An aged lady, Mrs. Gill, who is now eighty-four years of age, remembers that between the years 1825 and 1835, in a parish church near Welbeck Abbey, the clerk used to announce the date of the Duke of Rutland’s rent-day. Another correspondent states that after service the clerk used to take his stand on one of the high flat tombstones and announce sales by auction, the straying of cattle, etc., and Sir Walter Scott wrote that at Hexham cattle-dealers used to carry their business letters to the church, “when after service the clerk was accustomed to read them aloud and answer them according to circumstances.”
Mr. Beresford Hope recollected that in a Surrey town church the notices given out by the clerk included the announcement of the meetings at the principal inn of the town of the executors of a deceased duke.
In the days of that extraordinary free-and-easy go-as-you-please style of service which prevailed at the end of the eighteenth and beginning of the nineteenth century, the most extraordinary announcements were frequently made by the clerk, and very numerous stories are told of the laxity of the times and the quaintness of the remarks of the clerk.
An old Shropshire clerk gave out on Easter Day the following extraordinary notice:
“Last Friday was Good Friday, but we’ve forgotten un; so next Friday will be.”
Another clerk gave out a strange notice on Quinquagesima Sunday with regard to the due observance of Ash Wednesday. He said: “There will be no service on Wednesday—’coss why? Mester be going hunting, and so beeze I!” with triumphant emphasis. He is not the only sporting clerk of whom history speaks, and in the biographies of some worthies of the profession we hope to mention the achievements of a clerkly tailor who denied himself every luxury of life in order to save enough money to buy and keep a horse in order that he might follow the hounds “like a gentleman.”
Sporting parsons have furnished quite a crop of stories with regard to strange notices given out by their clerks. Some of them are well known and have often been repeated; but perhaps it is well that they should not be omitted here.
About the year 1850 a clerk gave out in his rector’s hearing this notice: “There’ll be no service next Sunday, as the rector’s going out grouse-shooting.”

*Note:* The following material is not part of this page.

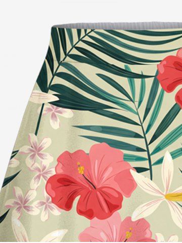 Graphic Skirts > Plus Size Hibiscus Flower Tropical Leaf Print Split Hawaii Skirt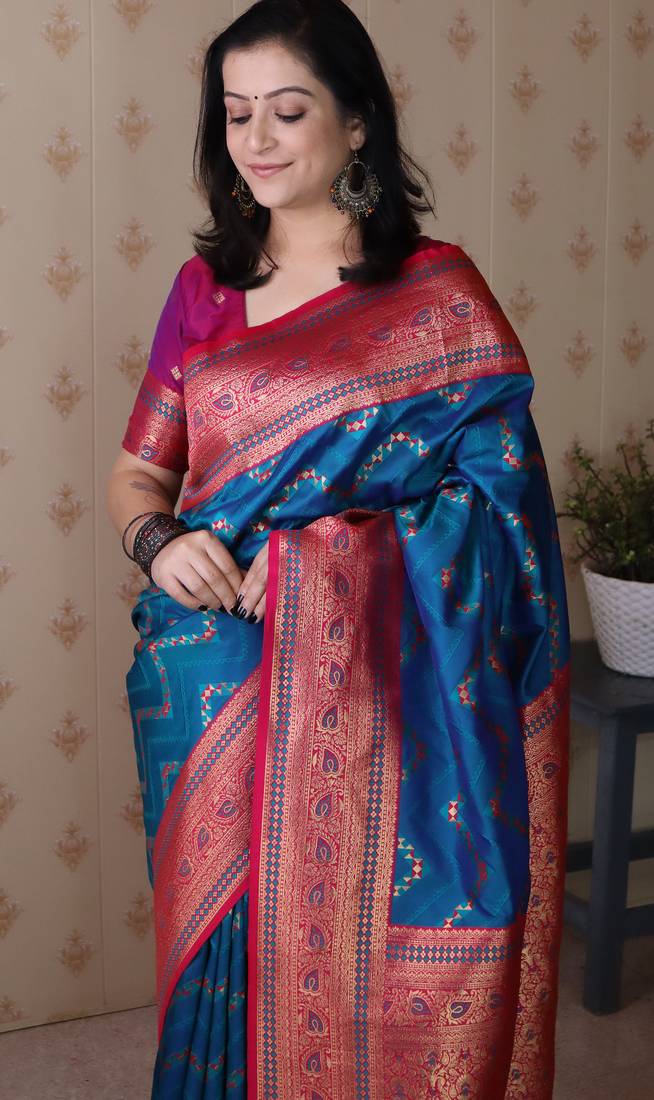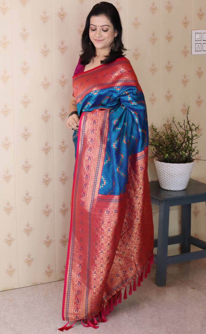 | Product Name | Firozi Color Banarasi Silk Blend Fabric Woven Designer Traditional Saree | |

A Devonshire hunting parson went to help a neighbouring clergyman in the old days when all kinds of music made up the village choir. Unfortunately some difficulty arose in the tuning of the instruments. The fiddles and bass-viol would not accord, and the parson grew impatient. At last, leaning over the reading-desk and throwing up his arms, he shouted out, “Hark away, Jack! Hark away, Jack! Tally-ho! Tally-ho![71]”
[Footnote 71: Mumpits and Crumpits, by Sarah Hewitt, p. 175.]